You're where the Wild Things are...

An in-character blog set in the universe of EVE Online. These are the private diary entries of Lady Ekaterina Mariya deSilvestris, a minor Amarrian Noble and Capsuleer. Other existing characters within EVE will be referred to throughout, though any opinions and views expressed are those of this character. These entries may touch on or directly address mature themes such as violence, sexuality, race and ethnicity, and mental health. As noted, any views are those of the character.

Before we begin, I feel it important to say a few words on the subject of mental health. Ekaterina, or Ekat as many call her, is something of a troubled soul. This aspect of her character is a personal choice I have made, for very personal reasons. Although EVE is a game in which the players can immerse themselves to a greater or lesser degree as they wish, mental health is a very real issue for many people. Those two simple words cover a myriad different issues and concerns that affect people directly or indirectly every day all, over the world.

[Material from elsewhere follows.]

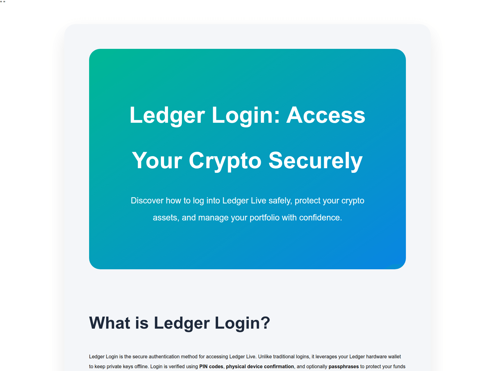 “Ledger® Login | Getting started”

If you find yourself affected by any issues touched upon in these posts, or if you face your own troubles, please know that there are people out there you can turn to; doctors, friends, family - there is ALWAYS someone. If you are an EVE player, then Broadcast 4 Reps chat is available, staffed by wonderfully kind and good-hearted volunteers. If you know of someone who has mental health issues, then please just let them know you are there. It doesn't have to be anything big, just a smile, a cup of tea, a quick phone call about last night's game - just a little thing to show they aren't forgotten.

You Never Fly Alone.
30-11-YC121

What in the name of The Eternal Empress is wrong with me?  I felt so confident and sure when I returned from my Pilgrimage, but it seem to have evaporated.  I was so happy to see Lilya again, but that too I find a struggle.  Not that I am unhappy with her, but rather I struggle to keep the positive feelings of joy and love in my heart.

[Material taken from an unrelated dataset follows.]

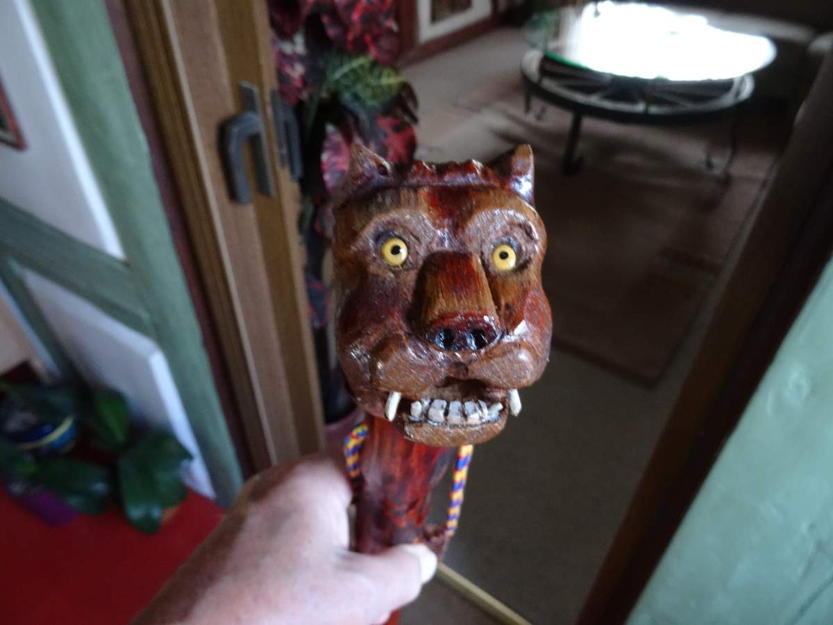 Den Stock selber habe ich schon vor längerer Zeit mal angefertigt , mit dem Spiralmuster auf der ganzen Länge .

I hate the IGS forums, I do not know why I ever look at them.  Perhaps it was the design of God, for such things are not for me to understand, but I stumbled across some pathetic post by that Matari bitch, some vomit-inducing bile about Love.  Of course she was talking about him, and of course he responded with his usual sugar-syrup words.  The Harlot and the Traitor.  They deserve each other. I found myself agreeing with Elsebeth Rhiannon that this bullshit about Love is merely some poor and transparent justification for her whoring herself to someone who, if there was any honour in his soul, would be her enemy.

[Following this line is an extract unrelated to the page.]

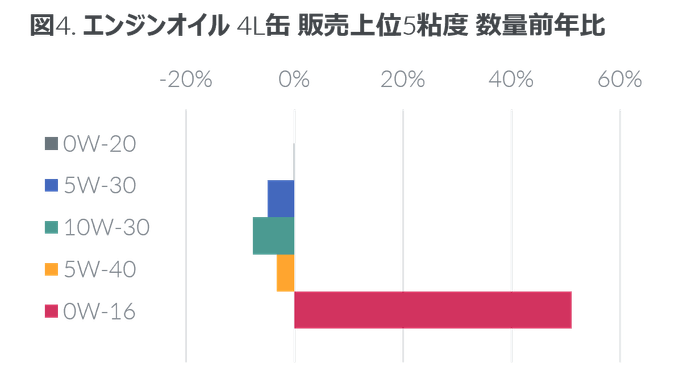 4L缶では0W-20の販売が最も多く、数量ベースで41%を占めた。対して、5W-30の数量構成比は前年同期の23%から22%に、10W-30は15%から14%に縮小した。こうした中、0W-16の販売が好調で数量前年比は51%増に達し(図4)、数量構成比は2%から4%に拡大した。

It was then that I felt it, deep inside me.  That Unclean Force, that Darkness, that hatred, uncurling in my heart and soul.  Yet I cannot truly accept that it is an altogether negative emotion.  It has power, real power.  I just need to learn to focus it, properly.  Yes, cutting, seeing my blood flow, helps release it, but there must be a better way.  I feel I can use it.  It is a gift, not a curse.  It is the same as the power I felt after She visited me, the gift She gave me to help me find escape from my captors.

Focus it what I need.  I think a visit to the exercise grounds would be a very good idea.

Papa has also placed me within the Command Structure of the 601st, as Captain.  Since Her Imperial Majesty's decree, they have been transferred to our family's Household Forces, rather than remaining within the Imperial Navy.  It is, in all honesty, a more natural position for them; after all, it was Papa that founded the Unit, and in reality the have more allegiance and loyalty to our family than to the Navy.  It is such a pity, however, that Lord Pitoojee has decided to end Ishta's secondment.  Sasha has not taken it well, although there is no reason why they cannot see one another, unless, of course, Lord Pitoojee forbids that also.  I do not know the reasons behind Lord Pitoojee's decision, though I understand he, and LUMEN, have some disagreements over Sarum's relaunching of the Reclaiming.  Not that they have any right to question the decisions and prerogatives of one such as Lord Sarum!  They have ideas above their station, and I cannot help but wonder if that is yet another sign of the poison being spread by that Harlot.  They is no doubt in my mind that she is the Enemy Within.  I think perhaps I should speak with one of the Paladin Commanders about my concerns.  We are not without our defences, for if the enemy have a spy in our camp, we can have one in theirs.